According to a memo from Jim Dando, loan officer, Ron Smith owned and operated a restaurant business in Hawaii for several years. Larry Smith owns the local Greentech business in Troy. The brothers also grew up in the restaurant business when their father who operated the original “Brewery” restaurant in Troy.
The proposal includes a clause based on the restaurant’s liquor license request for building alterations and equipment costs, which would stay with the building. The equipment includes fire suppression, kitchen equipment and fixtures for a debt reduction of up to $49,900. If the state liquor control would happen to deny its liquor license request, “the business would not go forward and would suffer a loss of funds they already would have invested in the building alterations…”
The loan principal of $152,300 (including closing fee) would have a repayment period of 10 years.
Other terms of the loan request includes 1 percent interest-only payments for the first six months; 3 percent interest only payments for the second six months; 3 percent interest and principal payments thereafter.

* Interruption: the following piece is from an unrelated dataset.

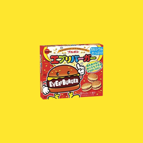 A playful snack that looks like a mini hamburger but tastes like a sweet delight — crispy biscuit “buns”, topped with sesame seeds, sandwiching a smooth milk-chocolate centre (with a hint of white-chocolate “cheese” layer). Manufactured by the Japanese brand Bourbon, it’s perfect for fun snacking or gifting.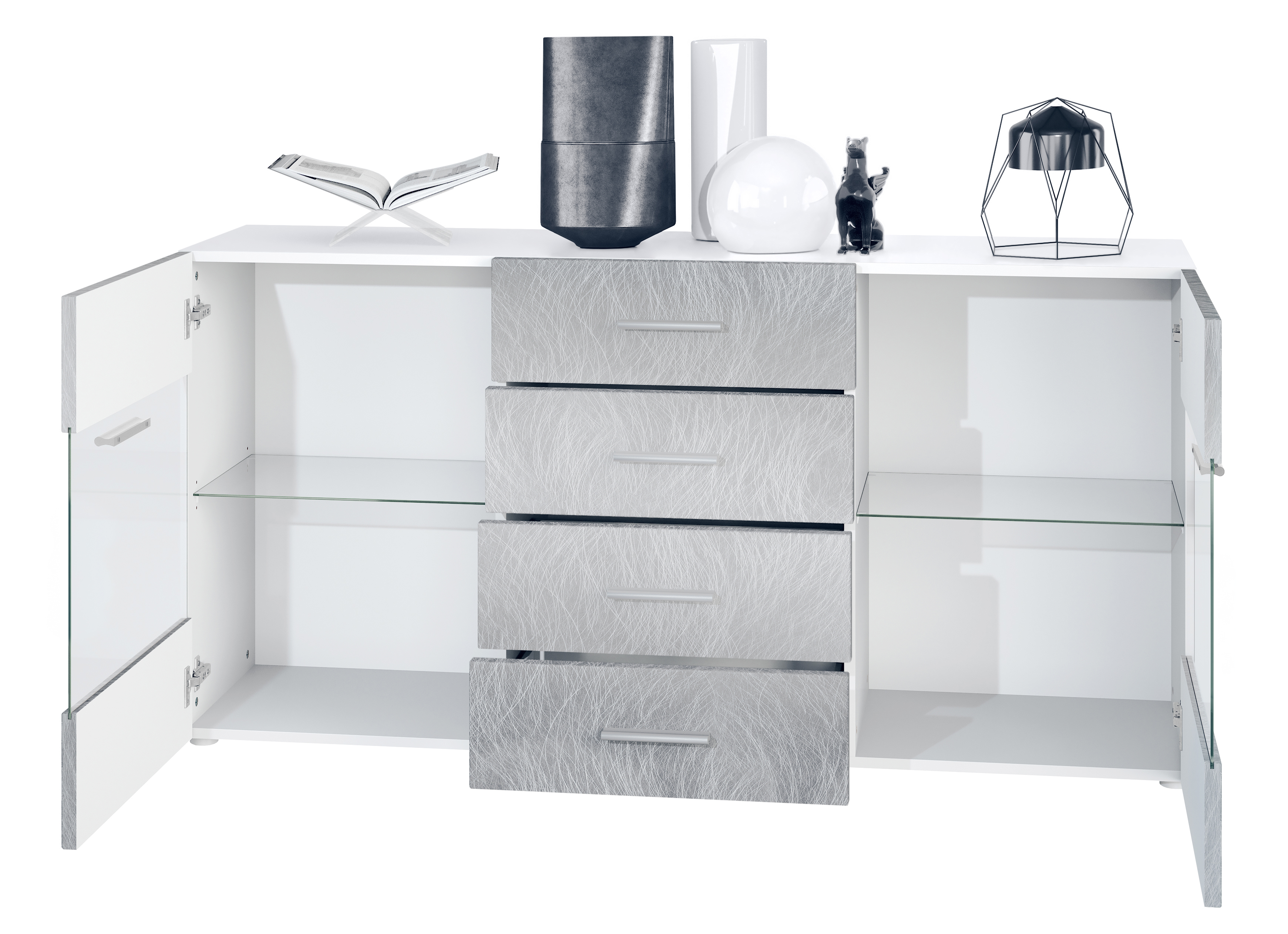 Das Carlos V1 Sideboard verfügt über vier geräuschlos laufende Schubladen auf Metall-Teleskopschienen, ideal zur staubgeschützten Aufbewahrung kleiner Alltagsgegenstände. An den Seiten befinden sich zwei Türen mit rahmenloser Verglasung und Glaseinlegeböden, die Platz für Dekoration oder Lieblingsaccessoires bieten und ein offenes, modernes Erscheinungsbild schaffen.

Collateral includes a lien on all business assets and personal guarantees which also includes the Greentech business, according to city of Troy Director of Public Service and Safety Patrick Titterington.
Chris Jackson, owner of The Adventures of the Great Miami business had its loan request approved by the committee.
Jackson requested $25,500 for extra equipment for its second business site for the AGM recreational watercraft business. The recreational watercraft business would be located under the Marina building. The loan would buy new canoes, 12 kayaks, paddleboards, a used bus, equipment trailer, a truck and signage and trailer wrap.
Jackson’s business operates as a “cash business” and has no registered debt. Jackson also owns Jackson’s Excavating and Concrete, which will be part of the city’s collateral as well as a lien on his personal property on Ross Road and existing business assets.